**What you should do**
Your answer must be an exact copy of the data, without any pictures.

**Data provided**

- - - - -

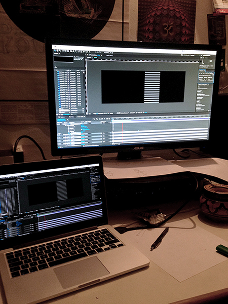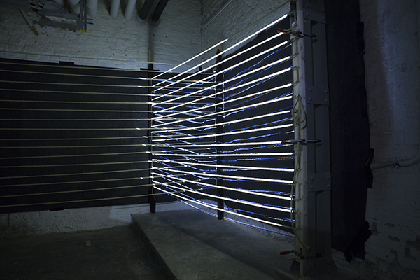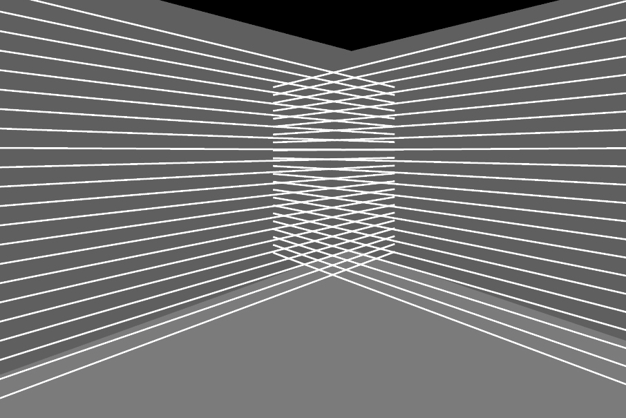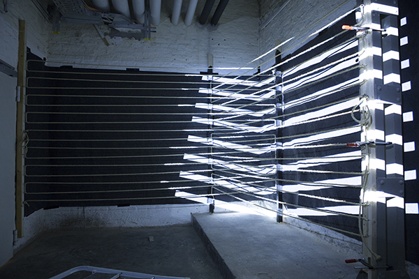 Binaural music uses a special kind of recording to create a three dimensional spatial sound. Together with Sebastian Miller, we created a room installation with mapped, horizontally taut strings for the song "Done and Gone" provided by Patrick Leuchter. We decomposed the musical piece in it‘s sounds and created a synaesthetically perceived visualisation fitting the extracted musical elements. The visual perception intensifies and alters the auditive impressions of the music, as well as the other way around. This interaction creates an emerging experience.
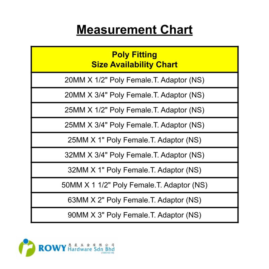 - Poly Female Threaded Adapter 20mm X 1/2 To 110mm X 4 Poly Pipe Fittings Sirim Or Non Sirim PN16
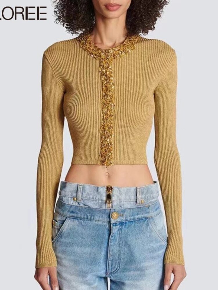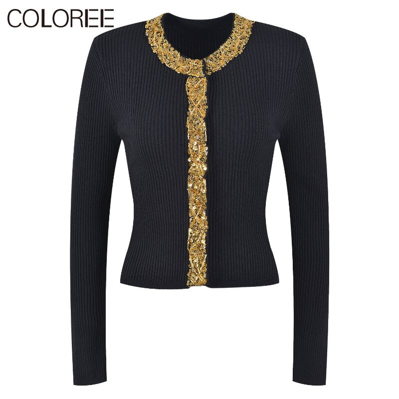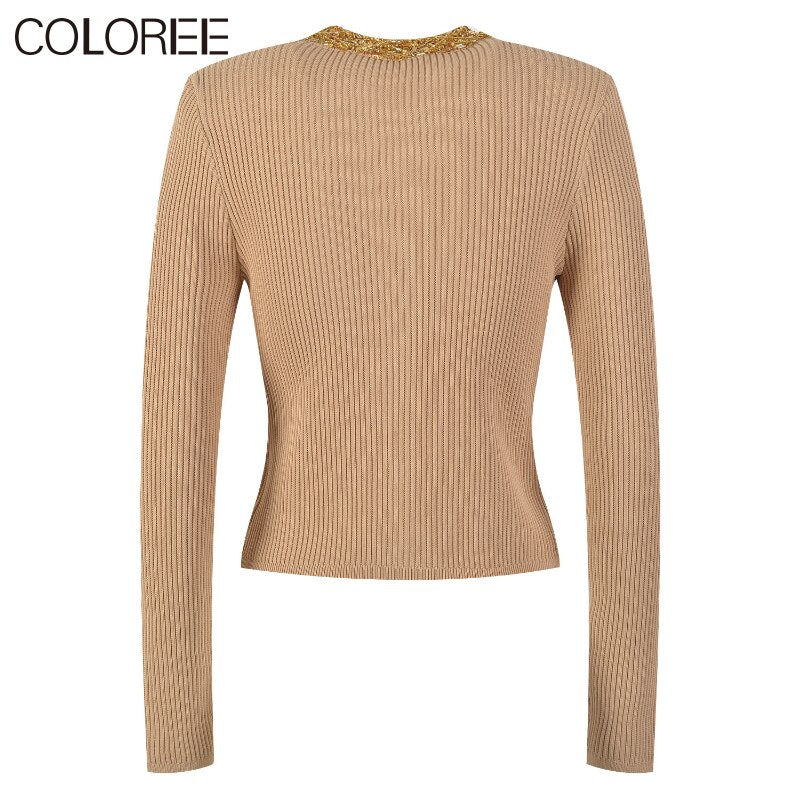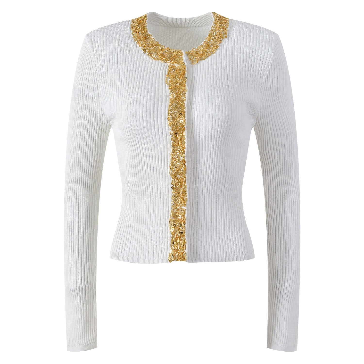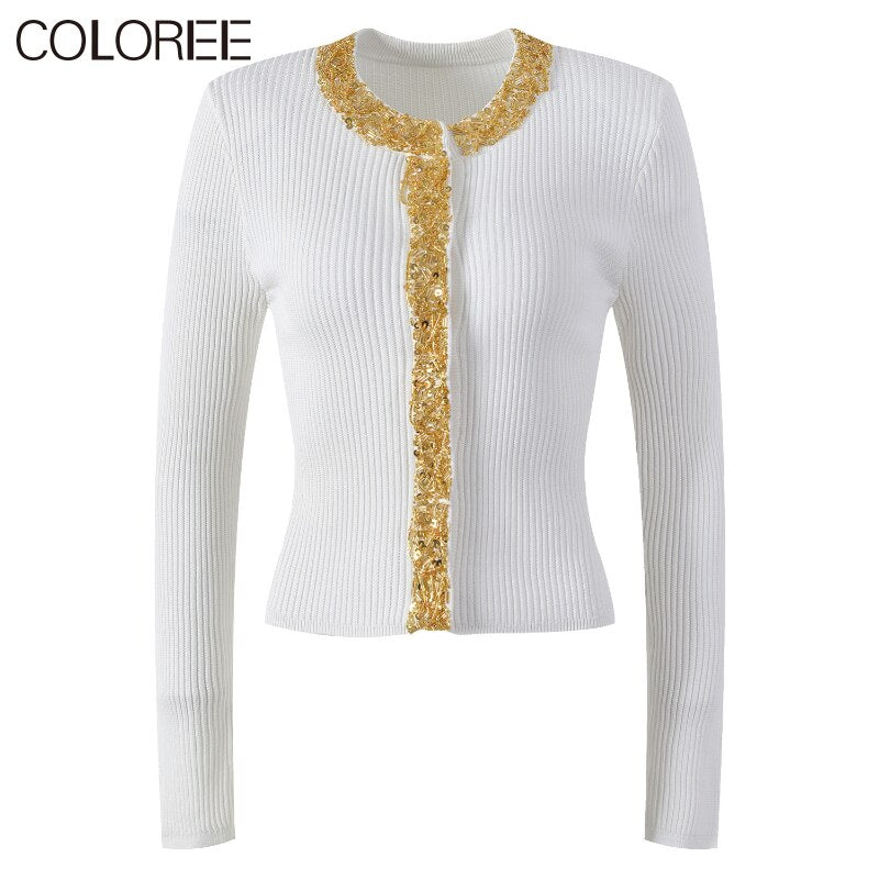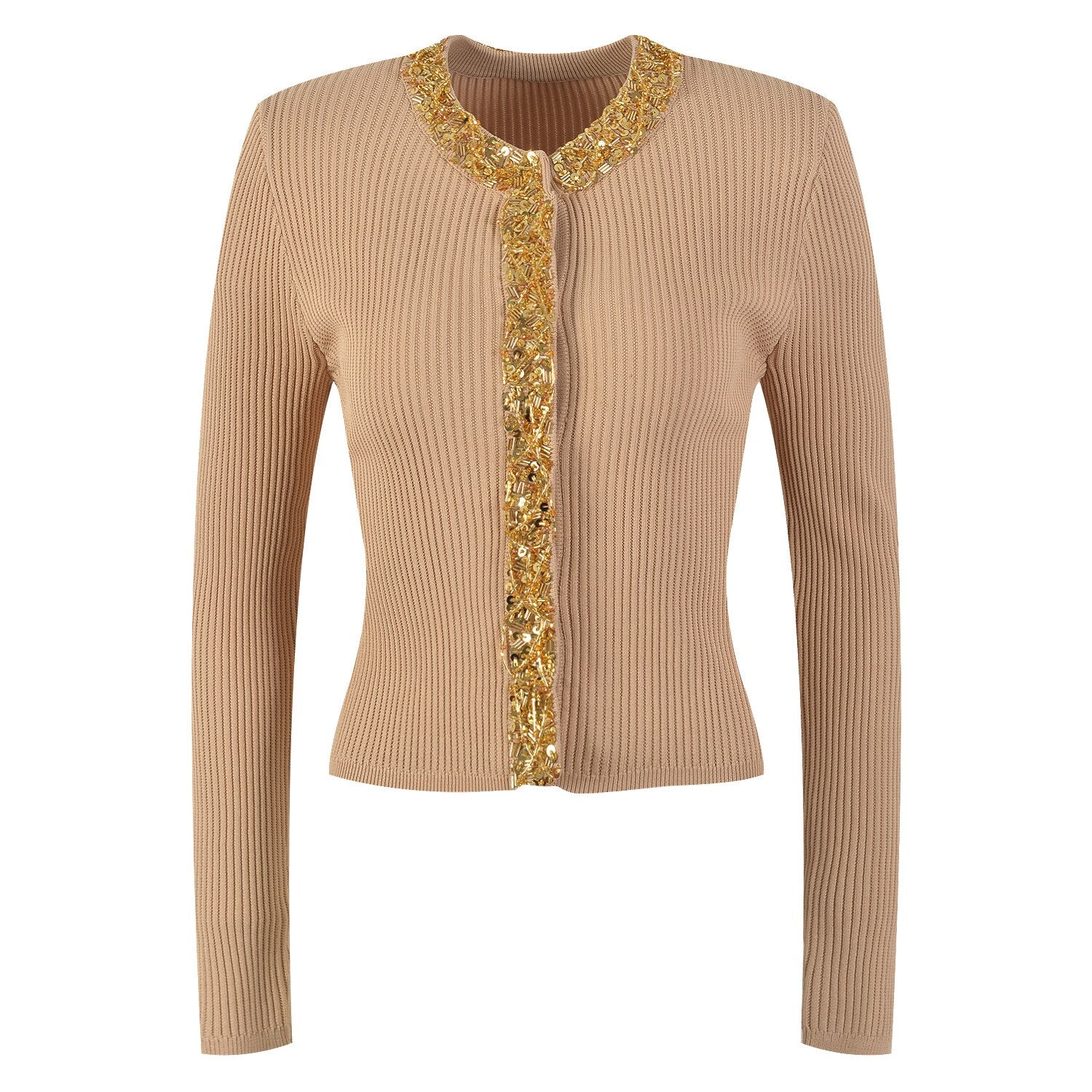 Spring Autumn Long Sleeve Top 2023 Luxury Sequin Beading O-neck Knitted Sweater Women Elegant Cardigans Khaki White Black

- - - - -

**Output**
 Binaural music uses a special kind of recording to create a three dimensional spatial sound. Together with Sebastian Miller, we created a room installation with mapped, horizontally taut strings for the song "Done and Gone" provided by Patrick Leuchter. We decomposed the musical piece in it‘s sounds and created a synaesthetically perceived visualisation fitting the extracted musical elements. The visual perception intensifies and alters the auditive impressions of the music, as well as the other way around. This interaction creates an emerging experience.
 - Poly Female Threaded Adapter 20mm X 1/2 To 110mm X 4 Poly Pipe Fittings Sirim Or Non Sirim PN16
 Spring Autumn Long Sleeve Top 2023 Luxury Sequin Beading O-neck Knitted Sweater Women Elegant Cardigans Khaki White Black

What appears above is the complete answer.